The former U.S. representative from Maryland became the first Democrat to enter the 2020 race, declaring his candidacy in July 2017. Delaney, 55, plans to focus on advancing only bipartisan bills during the first 100 days of his presidency if elected. He is also pushing for a universal healthcare system, raising the federal minimum wage and passing gun safety legislation.
The Samoan-American congresswoman from Hawaii and Iraq war veteran is the first Hindu to serve in the U.S. House of Representatives. After working for her father’s anti-gay advocacy group and drafting relevant legislation, she was forced to apologize for her past views on same-sex marriage. Gabbard, 37, has been against U.S. intervention in Syria and slammed Trump for standing by Saudi Arabia after the murder of journalist Jamal Khashoggi. She endorsed Sanders during his 2016 presidential campaign.

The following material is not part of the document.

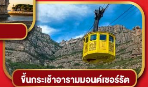
ขึ้นรถเข้าอารามมอนต์เซอรัลด์

The moderate nine-term congressman from a working-class district in the battleground state of Ohio has touted his appeal to the blue-collar voters who fled to Trump in 2016. He says Trump has turned his back on those voters and failed to live up his promise to revitalize the manufacturing industry. Ryan, 45, pledges to create jobs in new technologies and focus on public education and access to affordable healthcare. He gained national attention when he tried to unseat Nancy Pelosi as the House Democratic leader in 2016, arguing it was time for new leadership. A former college football player, he also has written books on meditation and healthy eating.
The third-term congressman from a California district south of San Francisco says tackling student debt and gun violence are among the reasons he jumped into the race. Swalwell, 38, cites his work on the House Intelligence Committee and his founding of Future Forum, a group of more than 25 Democratic lawmakers that visits universities and community colleges to discuss issues important to millennial voters like student loan debt and climate change, among the reasons he would be a qualified White House candidate. In his first House campaign, Swalwell defeated a Democratic incumbent who had been in office since 1973, seven years before Swalwell was born.
The entrepreneur and former tech executive is focusing his campaign on an ambitious universal income plan. Yang, 44, wants to guarantee all American citizens between the ages of 18 and 64 a $1,000 check every month. The son of immigrants from Taiwan, Yang also is pushing for Medicare for All and proposing a new form of capitalism that is “human-centered.” He lives in New York.
The 66-year-old New York Times best-selling author, motivational speaker and Texas native believes her spirituality-focused campaign can heal America. A 1992 interview on Oprah Winfrey’s show propelled her to make a name for herself as a “spiritual guide” for Hollywood and a self-help expert. She is calling for $100 billion in reparations for slavery over 10 years, gun control, education reform and equal rights for lesbian and gay communities. In 2014, she made an unsuccessful bid for a House seat in California as an independent.
Messam, 44, defeated a 16-year incumbent in 2015 to become the first black mayor of in the Miami suburb of Miramar. He was re-elected in March. The son of Jamaican immigrants, he played on Florida State University’s 1993 national championship team, and then started a construction business with his wife. He has pledged to focus on reducing gun violence, mitigating climate change and reducing student loan debt and the cost of healthcare.